● **WORK TO BE COMPLETED**:
In the material below, find the line containing "to 4pin adapter+key+screws" and output it and all lines after it exactly, through the last one, without the pictures.

● **THE DATA**:
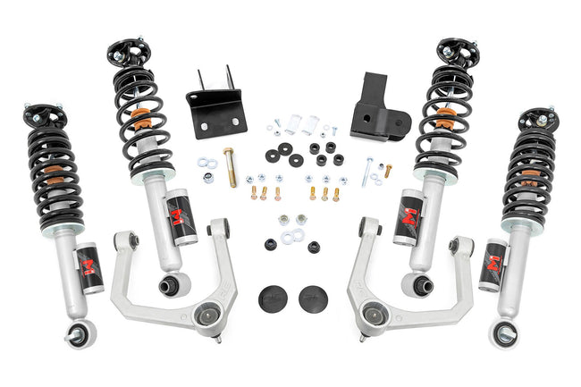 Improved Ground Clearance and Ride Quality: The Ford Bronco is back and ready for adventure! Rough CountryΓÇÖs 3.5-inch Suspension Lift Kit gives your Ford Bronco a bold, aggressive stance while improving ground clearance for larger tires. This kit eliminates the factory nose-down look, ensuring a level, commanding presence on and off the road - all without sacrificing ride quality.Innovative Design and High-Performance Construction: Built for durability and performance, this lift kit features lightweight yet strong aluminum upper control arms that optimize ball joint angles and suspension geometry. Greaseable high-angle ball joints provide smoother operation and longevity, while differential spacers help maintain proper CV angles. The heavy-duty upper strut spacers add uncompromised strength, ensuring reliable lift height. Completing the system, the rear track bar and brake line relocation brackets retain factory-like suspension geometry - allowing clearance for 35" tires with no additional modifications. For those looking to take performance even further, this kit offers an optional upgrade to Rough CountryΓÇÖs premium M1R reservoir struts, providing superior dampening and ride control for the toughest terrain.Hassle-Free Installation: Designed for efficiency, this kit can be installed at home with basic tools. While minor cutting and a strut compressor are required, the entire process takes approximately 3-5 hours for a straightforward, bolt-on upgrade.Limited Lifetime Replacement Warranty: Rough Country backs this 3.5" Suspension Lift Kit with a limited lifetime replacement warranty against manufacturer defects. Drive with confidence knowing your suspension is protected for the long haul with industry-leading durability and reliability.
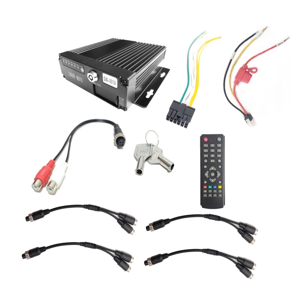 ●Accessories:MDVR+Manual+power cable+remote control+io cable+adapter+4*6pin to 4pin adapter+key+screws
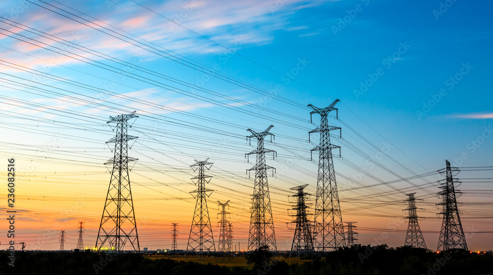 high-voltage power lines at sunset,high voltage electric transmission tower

● **YOUR RESPONSE**:
 ●Accessories:MDVR+Manual+power cable+remote control+io cable+adapter+4*6pin to 4pin adapter+key+screws
 high-voltage power lines at sunset,high voltage electric transmission tower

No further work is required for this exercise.